The government will allocate Rs. 200 million in the interim budget for this year to set up a ‘State-Owned Enterprise Restructuring Unit” to restructure government owned business entities.
The pledge was made when President Ranil Wickremesinghe presented the interim budget for the rest of the year in parliament today.
Wickremesinghe said the management of state-owned enterprises (SOEs) is a critical area of reform for the government which is struggling to revive the economy.
The major fiscal risks arise from a few key SOEs in particular SriLankan Airlines in the transport sector and the Ceylon Electricity Board and Ceylon Petroleum Corporation in the energy sector.
‘These entities face significant losses, negative equity (SLA/CPC), and large volumes of debt that is predominantly owed to the state banks, creating significant financial sector risk’, Wickremesinghe said. ‘Some of the state-owned enterprises have been making losses on a continuous basis due to issues of structural nature that existed for some time. As these losses cannot be met endlessly from the General Treasury, attention should be paid to find alternative mechanism make them effective’.

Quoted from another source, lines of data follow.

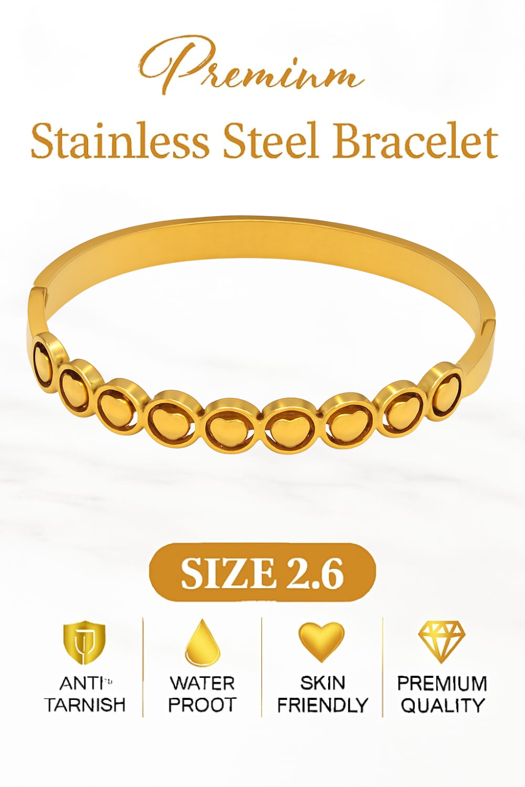 Be the first to review “Gold Bangle Bracelet for Women with Heart Motifs – Elegant Circular Design”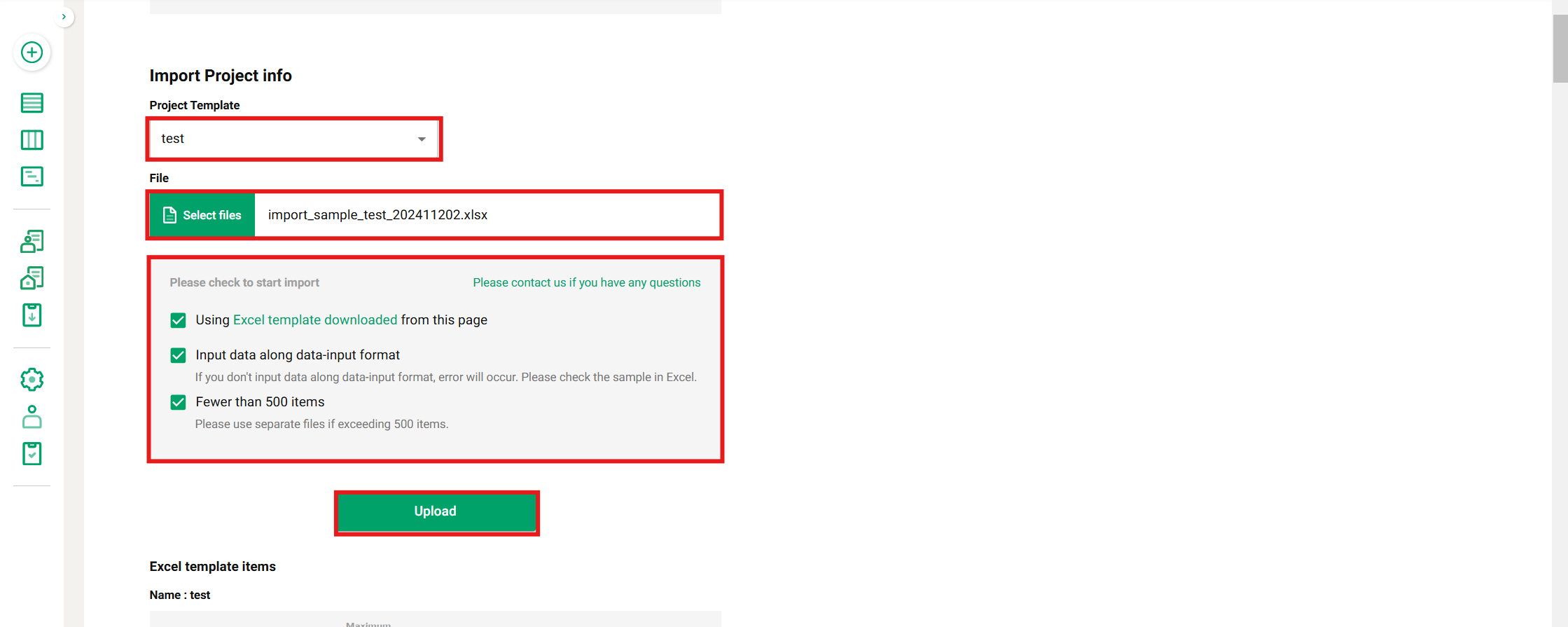 5. Pilih jenis template proyek dan file yang telah disimpan. Setelah memeriksa item konfirmasi, klik Unggah.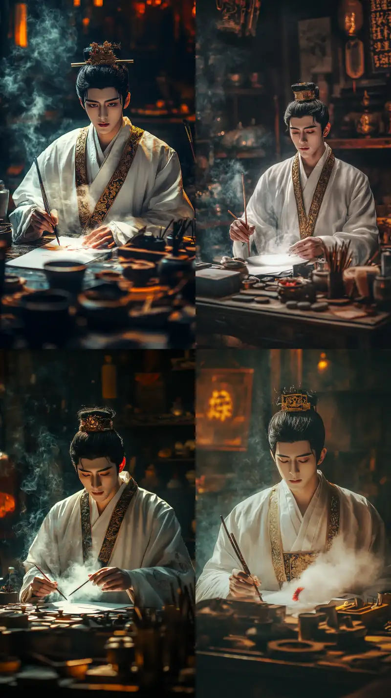 Midjourney Bot 更新时间:2024-11-24 00:08Black Myth: Wukong style, the breath of demons permeates, at night, in an ancient Chinese shop, a handsome ancient Chinese man uses a stick to draw a wisp of red mist from a rooster, wearing a golden hairband, with brushes, ink, paper, and inkstones placed on the counter, full body shot, reaction shot, wind, vibrant colors, lively, high quality, ultra-high, dynamic, (8k, original photo), clear focus, (insane details), high-detail photo, photographic realism, surrealism, continuous angles, perfect composition, natural geometric shapes, the camera looks into the past, sparkling eyes, drowsy face, simulated film photo, thin mist and dust Section 6.1 Section 9:16 --cref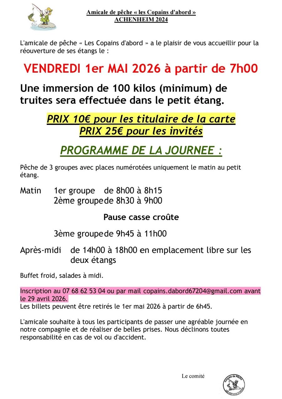 L’Amicale de pêche « Les Copains d’abord » vous invite à la réouverture de ses étangs le vendredi 1er mai 2026 dès 7h00 avec immersion de truites et journée conviviale – toutes les informations sur l’affiche ci-dessous.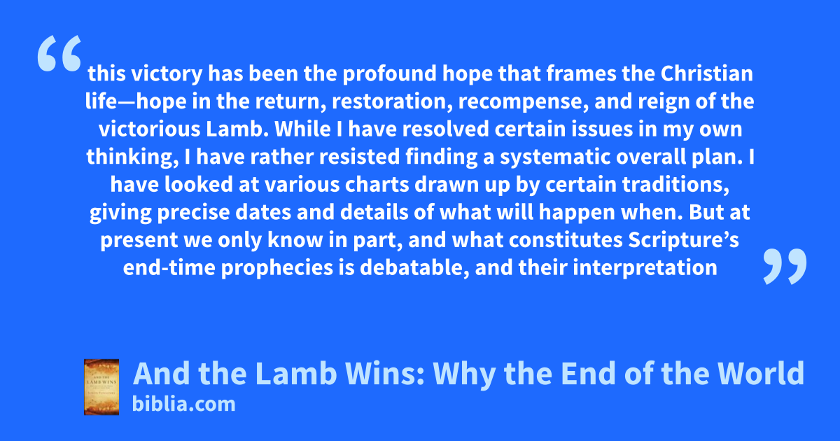 this victory has been the profound hope that frames the Christian life—hope in the return, restoration, recompense, and reign of the victorious Lamb. While I have resolved certain issues in my own thinking, I have rather resisted finding a systematic overall plan. I have looked at various charts drawn up by certain traditions, giving precise dates and details of what will happen when. But at present we only know in part, and what constitutes Scripture’s end-time prophecies is debatable, and their interpretation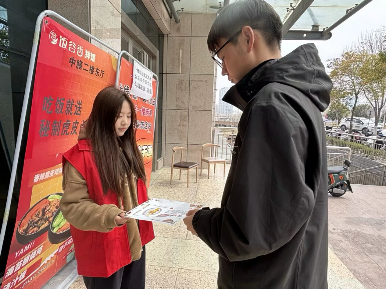 在宣传光盘行动的过程中志愿者们在校园食堂、教学楼、宿舍等人流量大的区域张贴“光盘行动”海报,发放印有光盘行动标语的宣传单。利用校园广播、公众号定期推送节约粮食小知识、介绍粮食生产艰辛,传播节约理念,增强员工节约意识。并且积极热情向路过的同学宣传节约粮食的重要性和正确做法,确保信息传达的准确性和高效性,呼吁更多同学们加入到节约粮食的行列,保障了此次活动的顺利进行。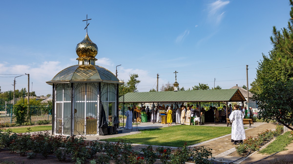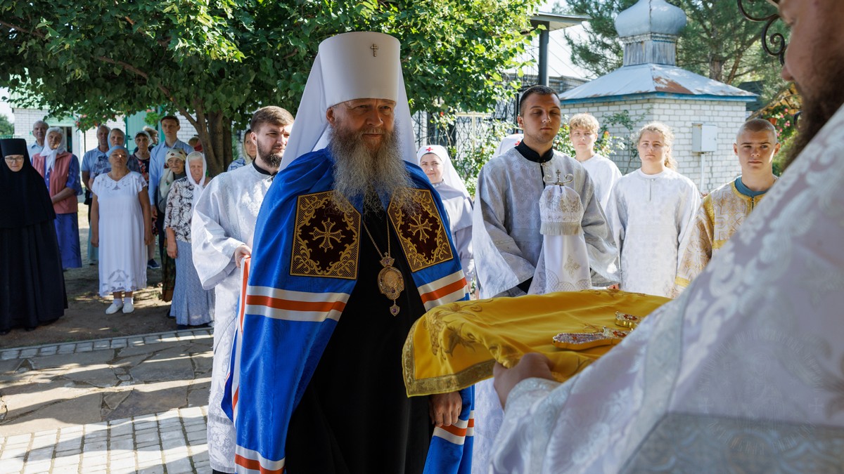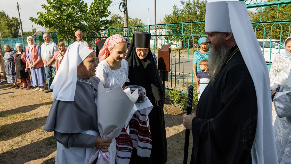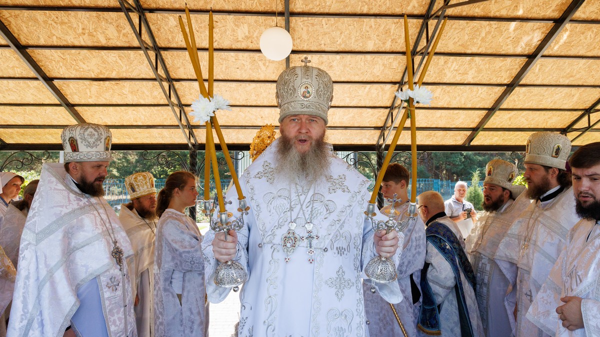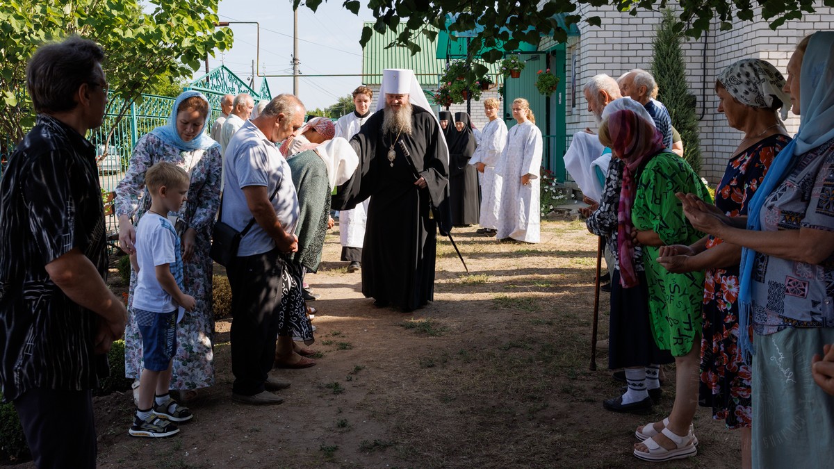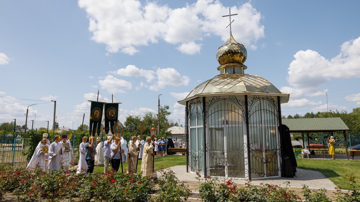 По окончании Литургии архипастырь вместе с духовенством и верующим народом совершил крестный ход, во время которого освятил поклонный Крест, установленный в память о жертвах, пострадавших в поселке от боевых действий 2014 года.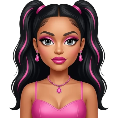 Nicki Minaj with dark grey eyes, long black hair with pink highlights, pink eyeshadow, hot pink lipstick, pink dress, pink necklace and earrings emoji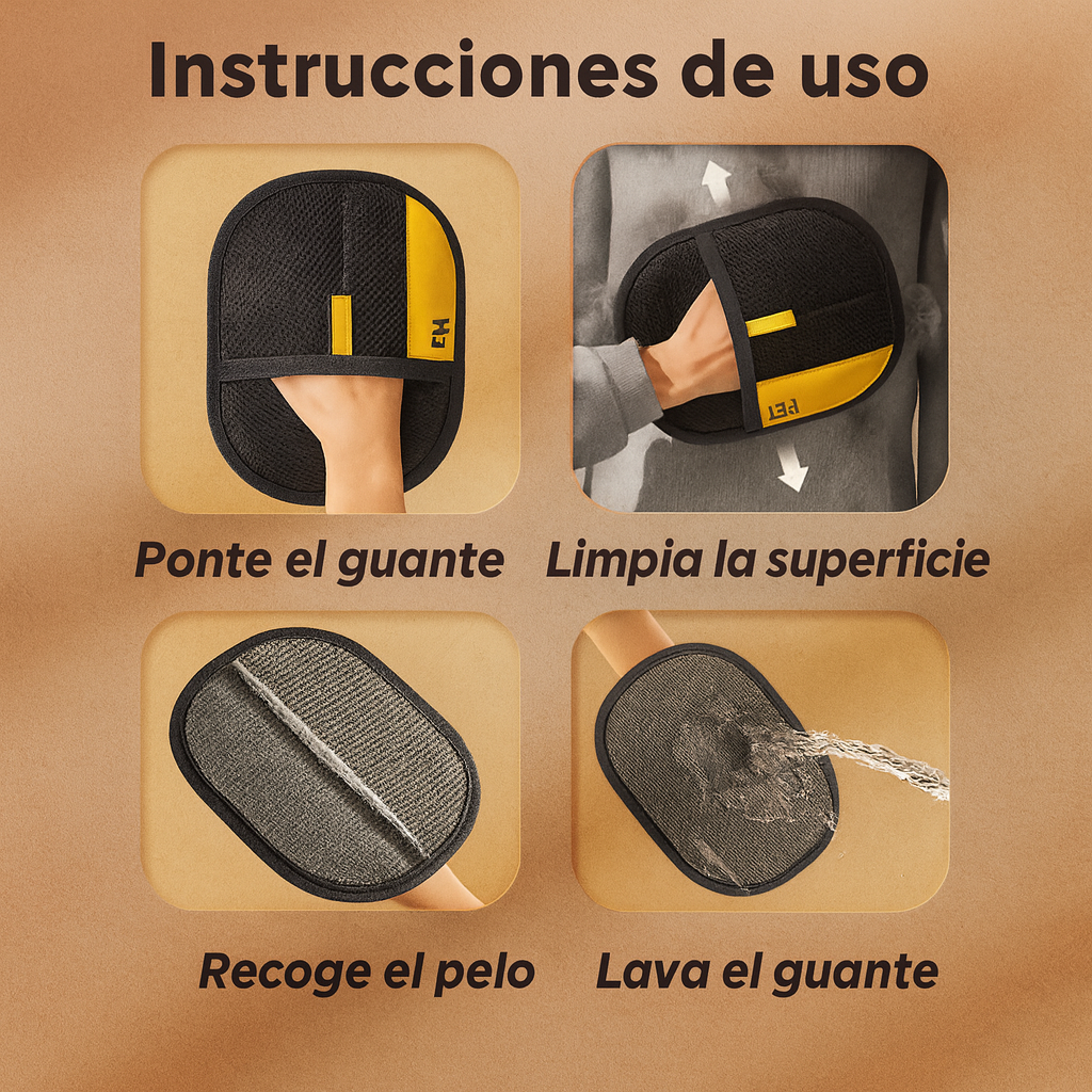 Por eso te presentamos PetGlove™, el guante mágico que elimina el pelo suelto mientras mimas a tu mascota.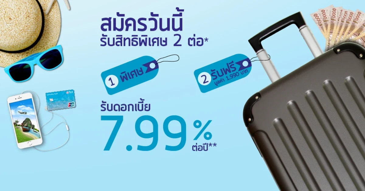 | ต่อที่ 1 รับอัตราดอกเบี้ยพิเศษต่อปี สำหรับ 3 รอบบัญชีแรก | ต่อที่ 2 รับฟรี กระเป๋าล้อลากขนาด 18 นิ้ว มูลค่า 1,990 บาท | ||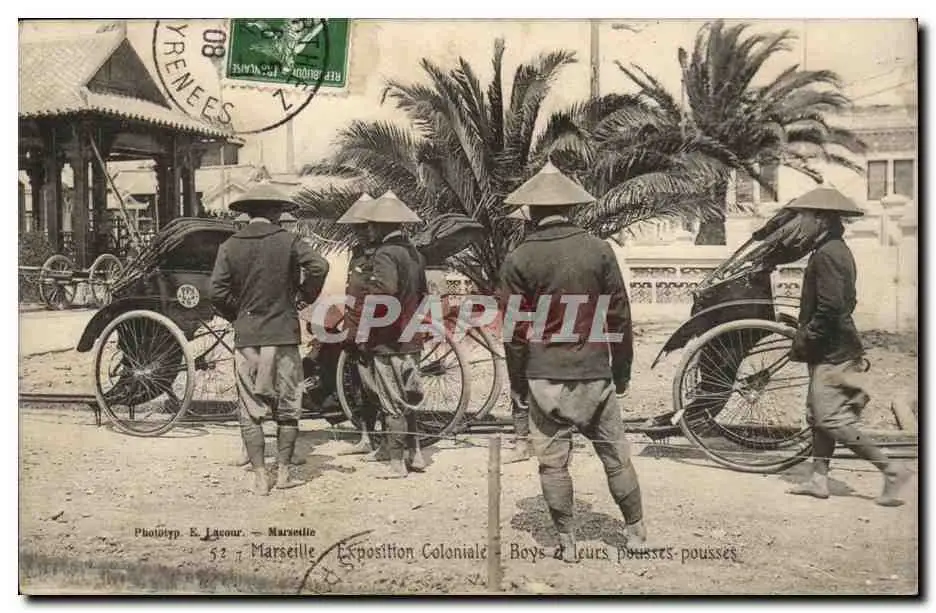 Marseille - Exposition Coloniale - Boys et leurs pousses pousses - Cartes postales

The government also plans to re-activate the Statement of Corporate Intent (SCI) process for key 50 SOEs, excluding CEB, CPC and Sri Lankan Airlines, as they are under different efforts to restructure, to closely monitor targets.
‘These difficult but necessary measures pertaining to SOEs will no doubt be challenging to address, but failing to do so would create catastrophic risks, particularly for financial sector stability, and will entail even higher taxation burdens on the public in the future’, Wicremesinghe added.